In the records below, find the line that holds "SUNSET 27 IN". Restate it and every later line exactly, stopping at the end and skipping pictures.

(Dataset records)
------------------------------------------------------------

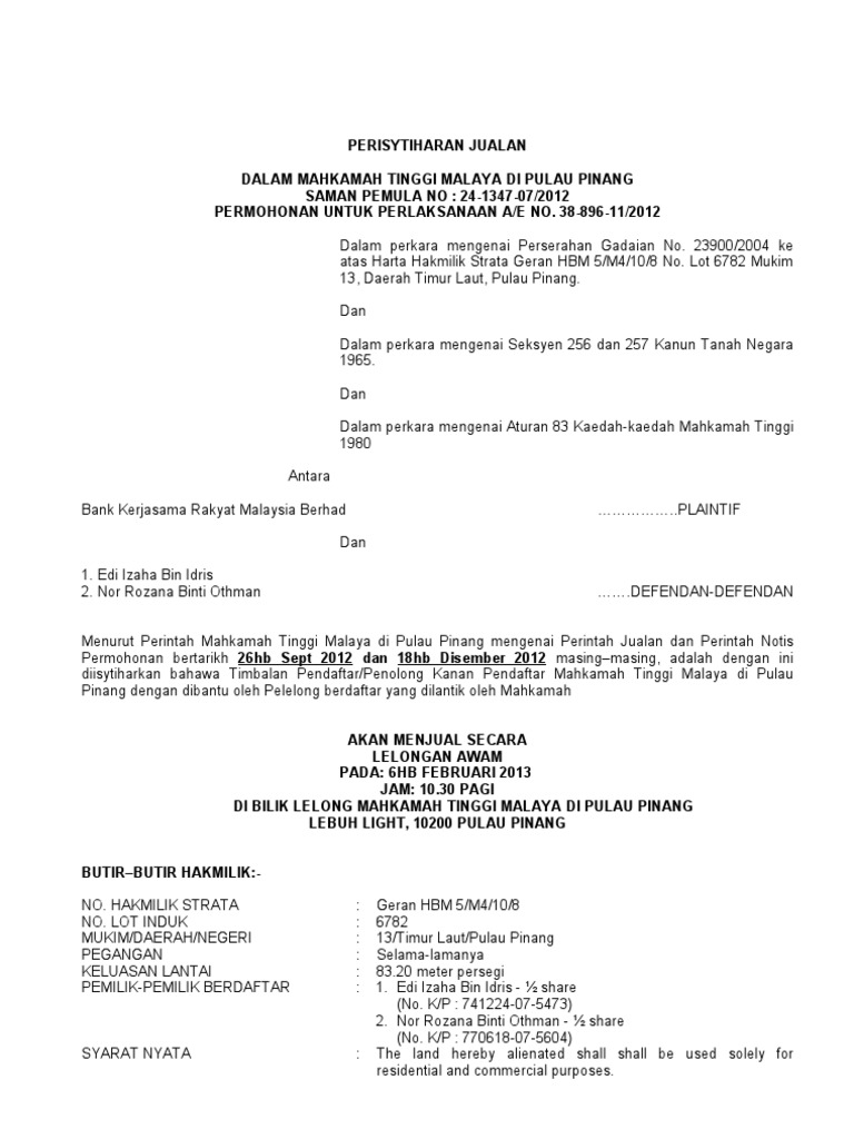 Dalam Mahkamah Tinggi Malaya Di Pulau Pinang Mpp Syarat Syarat Nyata First Grade The Land Pdf Document
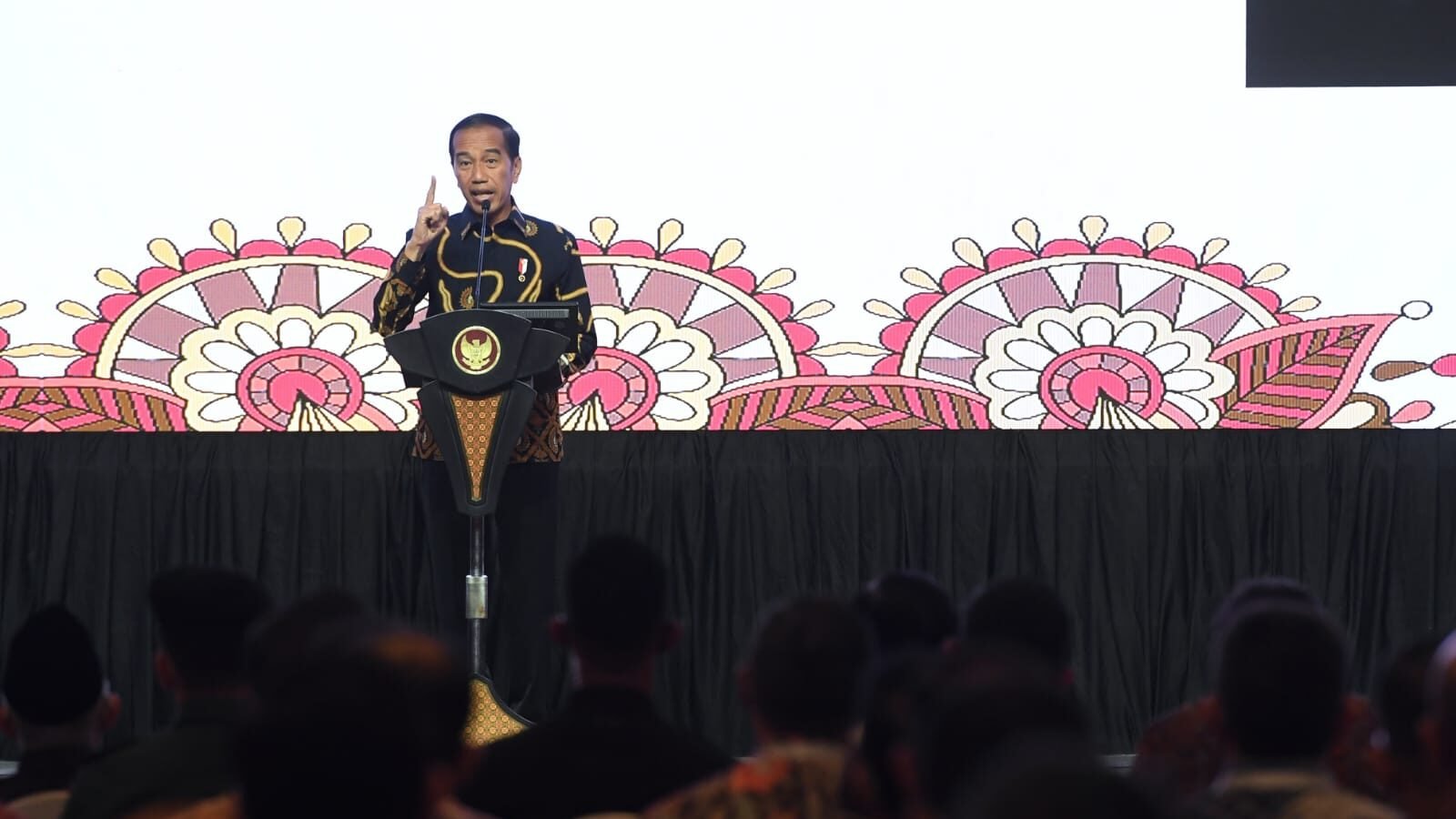 Presiden Joko Widodo menyampaikan pengarahan kepada seluruh menteri, kepala lembaga, kepala daerah, pimpinan Badan Usaha Milik Negara (BUMN), panglima daerah militer, kepala kepolisian daerah, dan kepala kejaksaan tinggi di Jakarta Convention Center (JCC), Jakarta, pada Kamis, 29 September 2022. (rls)
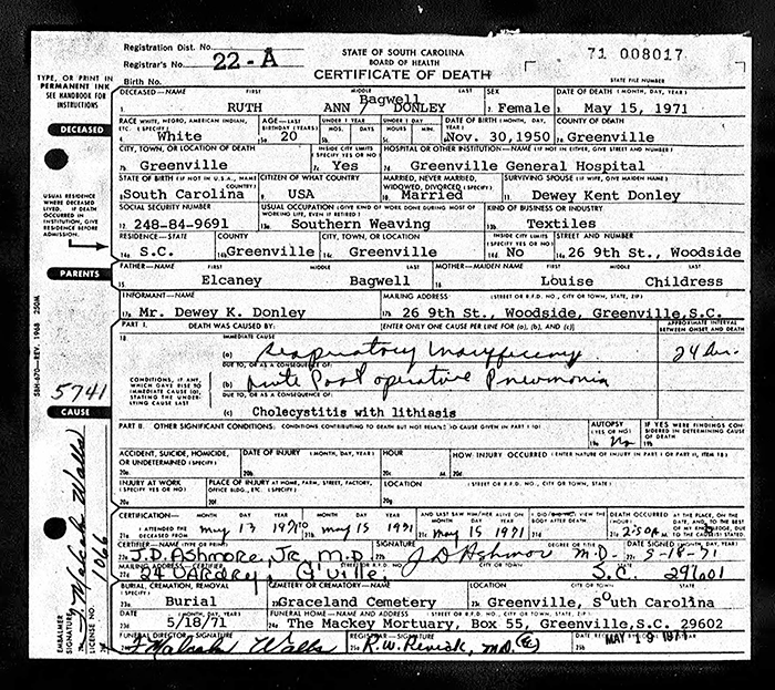 Ruth Ann Bagwell was born on 30 November 1950 in South Carolina. She was the daughter of Fred Elcaney Bagwell and Louise Childress. As of after 1970,her married name was Donley. Ruth Ann Bagwell married Dewey Kent Donley after 1970. Ruth Ann Bagwell died on 15 May 1971 in Greenville, Greenville County, South Carolina, at age 20. She was buried on 18 May 1971 at Graceland Cemetery, Greenville, Greenville County, South Carolina.
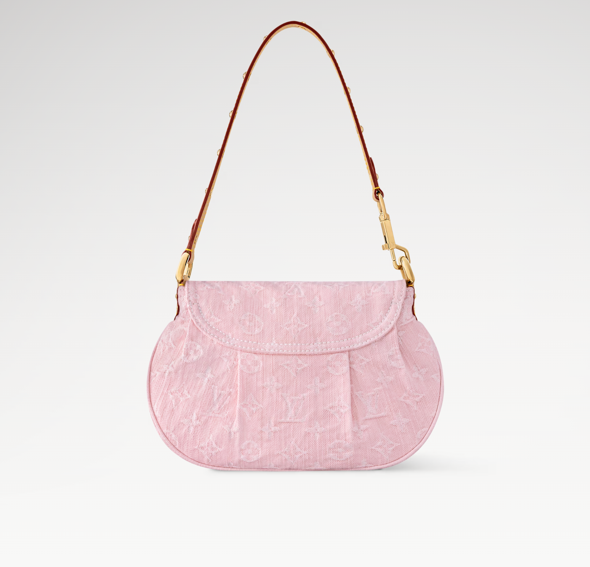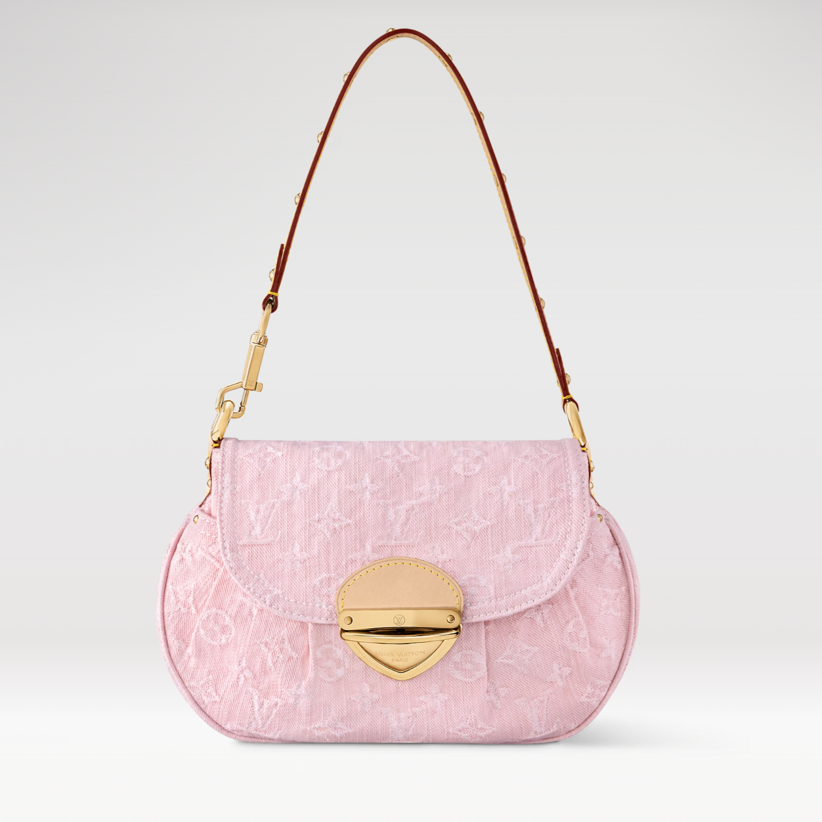 SUNSET 27 IN WASHED PINK MONOGRAM DENIM GOLD BUCKLE
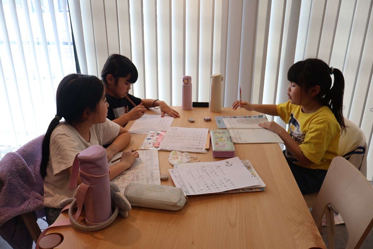 みんなで宿題を進めています
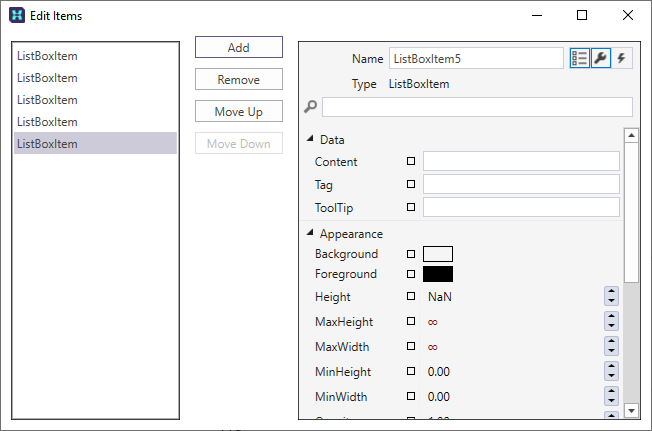 - In the Edit Items dialog, click the Add button to add items to the ListBox:
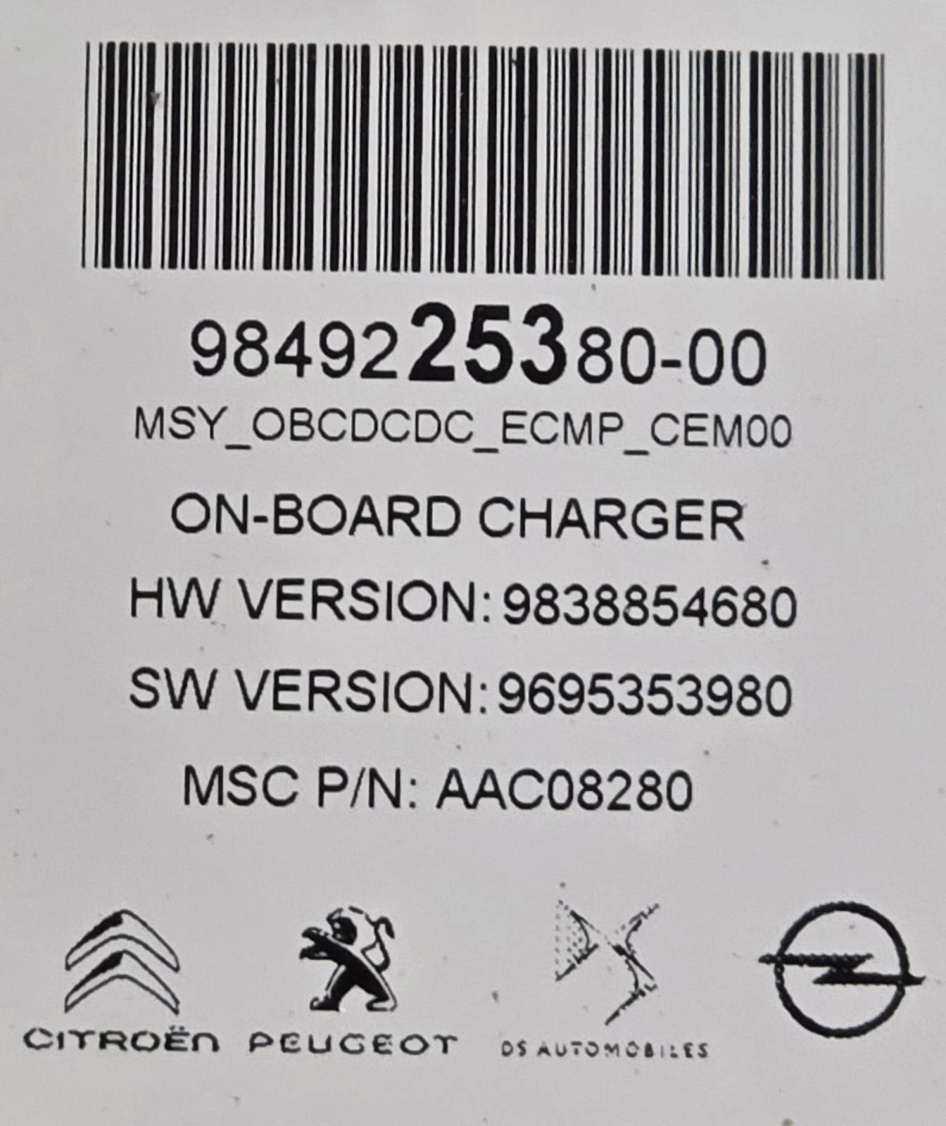 OBC BATTERY CHARGER ABOVE ELECTRIC MOTOR/ ON-BOARD CHARGER/ (0000384000)

------------------------------------------------------------

● **ANSWER TO THIS EXERCISE**
 SUNSET 27 IN WASHED PINK MONOGRAM DENIM GOLD BUCKLE
 みんなで宿題を進めています
 - In the Edit Items dialog, click the Add button to add items to the ListBox:
 OBC BATTERY CHARGER ABOVE ELECTRIC MOTOR/ ON-BOARD CHARGER/ (0000384000)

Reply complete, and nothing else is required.